以前、映画『メアリと魔女の花』についての考察記事を書いたことがあったので、今回はそれを少しアレンジして考察を書いてみたいと思います。

公開時には話題になったもののそこまで印象が強いとは言えない作品ですが、自分としては「米林監督のスタジオジブリに対する思い」を感じることができる、とても好感の持てる作品です。

この作品を鑑賞した際に重要な意味を持っていると感じたポイントは以下の3つになります。

  • 庭師のゼベディ

  • この映画における「魔法」の意味

  • 主題歌『RAIN』の歌詞の意味

映画のあらすじを追いながらポイントの解説をしてきます。

出典:ポノック【公式】Twitter

庭師のゼベディ

今作の主人公メアリ・スミスは大叔母が住む館に引っ越してくるが、退屈な日々を過ごしている。メアリは館の手伝いをしようとするも何も上手くいかない。特に庭師のゼベディの手伝いをしようとした時は庭の花を間違えて折ってしまい、ゼベディに呆れられてしまう。

ここで登場する庭師のゼベディですが、原作『小さな魔法のほうき』では以下のような人物と描かれています。

色あせた上着を着て、よれよれの帽子をかぶり、ズボンのすそを膝までたくしあげて、ひもで留めている姿は、温室に転がっているがらくたと見分けがつかないほどだ。古ぼけた帽子の下のほっぺは植木鉢みたいな赤茶色で、節くれ立った手の甲には、血管や骨がごちゃごちゃと浮きあがって、まるでキクを支えの棒に結ぶのに使う黄色いひもが巻いてあるように見える。

出典:新訳 メアリと魔女の花 | メアリー・スチュアート | KADOKAWA

原作の庭師ゼベディは容姿が映画版と違っています。映画で描かれているような特徴的なメガネとヒゲは原作では描かれていません。このことから映画版のゼベディは明らかに意図的に、原作から見た目を変更していると言うことが出来ます。それでは、なぜゼベディの容姿にメガネとヒゲが加えられたのか?ここからは自分の推測となりますが、映画版ゼベディのモデルは宮崎駿なんだろうと考えられます。


米林宏昌と宮崎駿の関係性

今作の監督である米林宏昌は1973年生まれ。1996年にスタジオジブリに入社し宮崎駿監督作品に数多く参加。2010年には『借りぐらしのアリエッティ』でジブリ映画作品では最年少で監督に就任しました。この『借りぐらしのアリエッティ』は宮崎駿監督が若いころに構想していた作品でしたが、その企画を米林監督に引き継いで作り上げた作品です。まさに米林監督はスタジオジブリにおける宮崎駿の後継者と目されたアニメーターと言えるでしょう。

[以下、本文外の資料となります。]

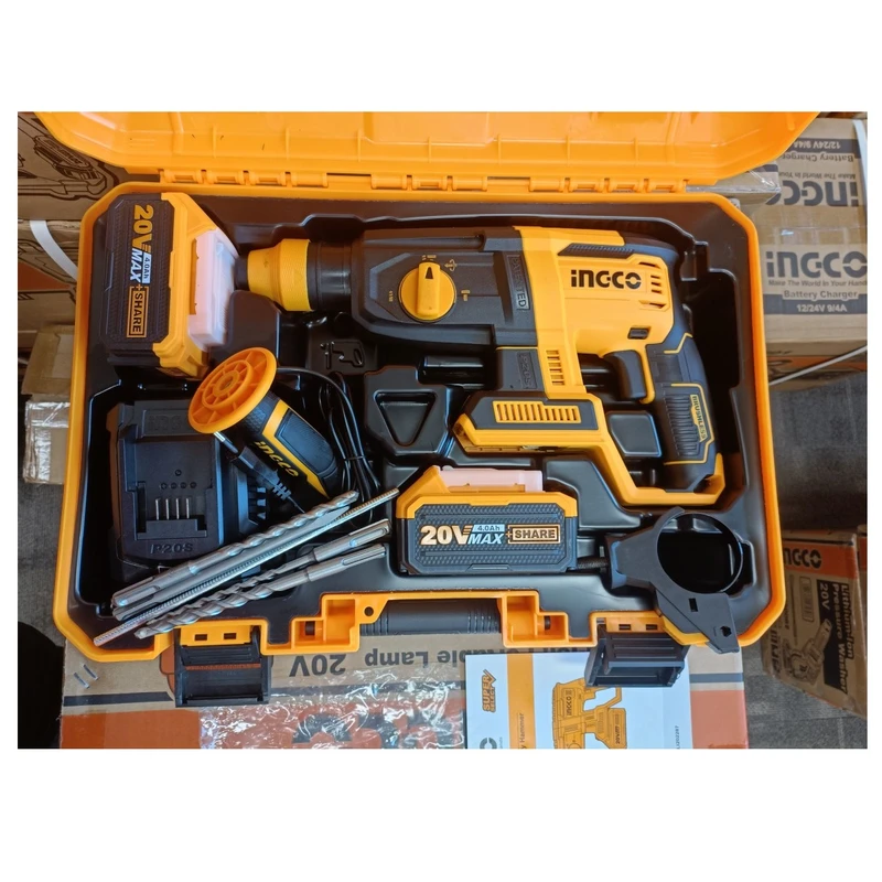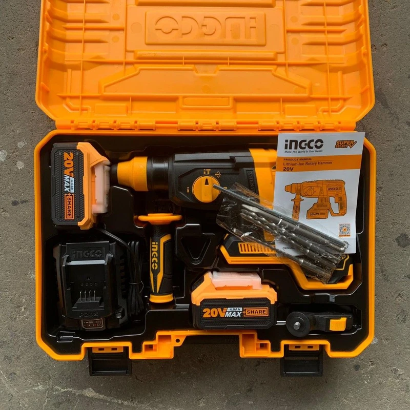 خط کش، دسته جانبی 360 درجه، 3 عدد مته در سایزهای 6 و 8 و 10 میلیمتر، دو عدد قلم تیز و پهن، دو عدد زغال، باطری، شارژر، دفترچه راهنما و کارت گارانتی |

今作でのメアリがゼベディの手伝いをしようと奮闘するも失敗ばかりしてしまう様子は、もしかしたら米林監督がスタジオジブリに入ったばかりの自分と宮崎駿の様子を重ねているのかもしれません。

この映画における「魔法」の意味

周りの人たちの手伝いをしようとしても上手くいかないメアリは、少年ピーターの飼い猫ティブとギブを追って森に迷い込み、森の中で青く光る花「夜間飛行」を見つける。翌日、再び森に入ったメアリはティブと一緒に謎の箒を見つけるが、誤って夜間飛行から出てきた粘々の液体を箒に付けてしまう。するとたちまち箒は独りで動き出し、メアリとティブを乗せたまま空高く舞い上がる。厚い雲を抜けるとそこには空中に浮かぶ魔法学校「エンドア大学」が存在した。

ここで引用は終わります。